We are facing a societal paradigm shift of immense proportions, where our perseverance in the present will determine the fate of our children’s future. Are you willing to stand your ground and fight for your freedoms, or will you choose the convenience of being mere voting cattle. Are you willing to bite the hand that allegedly feeds you?

Indeed, it’s already happening to some extent among Bitcoiners. (“This parallel reality is already unfolding for those who have embraced the Bitcoin revolution”). The world they envision is mostly here:

Virtually everyone can look each other in the eye and communicate verbally without lag, no matter how geographically far apart they are. Combine that with Bitcoin, and you quickly realize that national borders are already obsolete. If no one can stop you from communicating, not even monetarily, barriers to global commerce dissolve.

Bitcoin is a step-function in civilization’s journey toward more and more difficult ways to confiscate that which belongs to someone else—the foundational purpose of property rights.

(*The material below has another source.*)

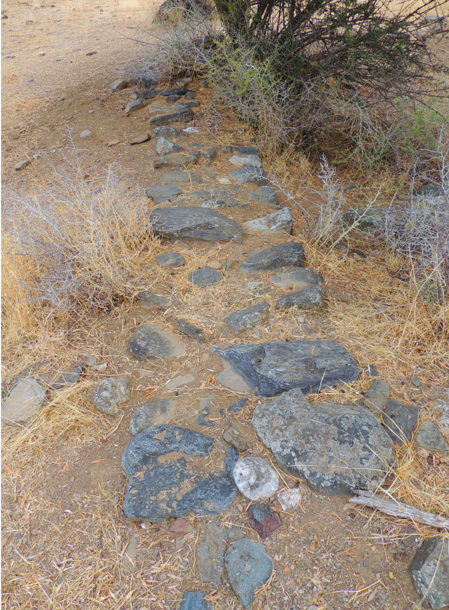
FIGURA 4. HILADA A RAS DE SUELO DE ESTRUCTURA INMEDIATA Y VINCULADA A LA POSIBLE TORRE.

no parece claro que el despoblado estuviera amurallado, en tanto que la estructura carece de consistencia, tampoco se distinguen zapatas o ángulos rectos que cierren, ni siquiera guarda correspondencia en el extremo opuesto. No obstante se necesitaría un análisis estratigráfico para concretar su funcionalidad; pues la

When money is pure information, rather than permissioned sums on the balance sheets of hyper-regulated banks, “confiscating it becomes much more challenging.” With teleportable digital gold, that affectionate hipster way of thinking about hard money in modern times, every robber from petty criminals to the taxman have a hard time knowing how much loot someone has available—or whether what they stole was but a small portion of what else the victims might have.

Even despite the crackdown on Samourai and other coinjoin services this year—charges that are unlikely to stick—discerning the paper trail history of who once owned what amount of money is prohibitively costly. “Stealing information from someone’s memory is inherently more complex than confiscating their physical possessions.”

Altogether, the book that Svanholm and de Wolf launch today on Bitcoin Infinity Day (don’t ask…), is excellent and wonderful. Will it change the world? Probably not, but few books ever do that. Will it change your world? Maybe. The learning and opportunities for self-reflection contained in Inverse of Clown World and the spot-on humor with which it is delivered just might alter your way of looking at things.

“The future is already here,” Svanholm often quips. All you have to do is to live it.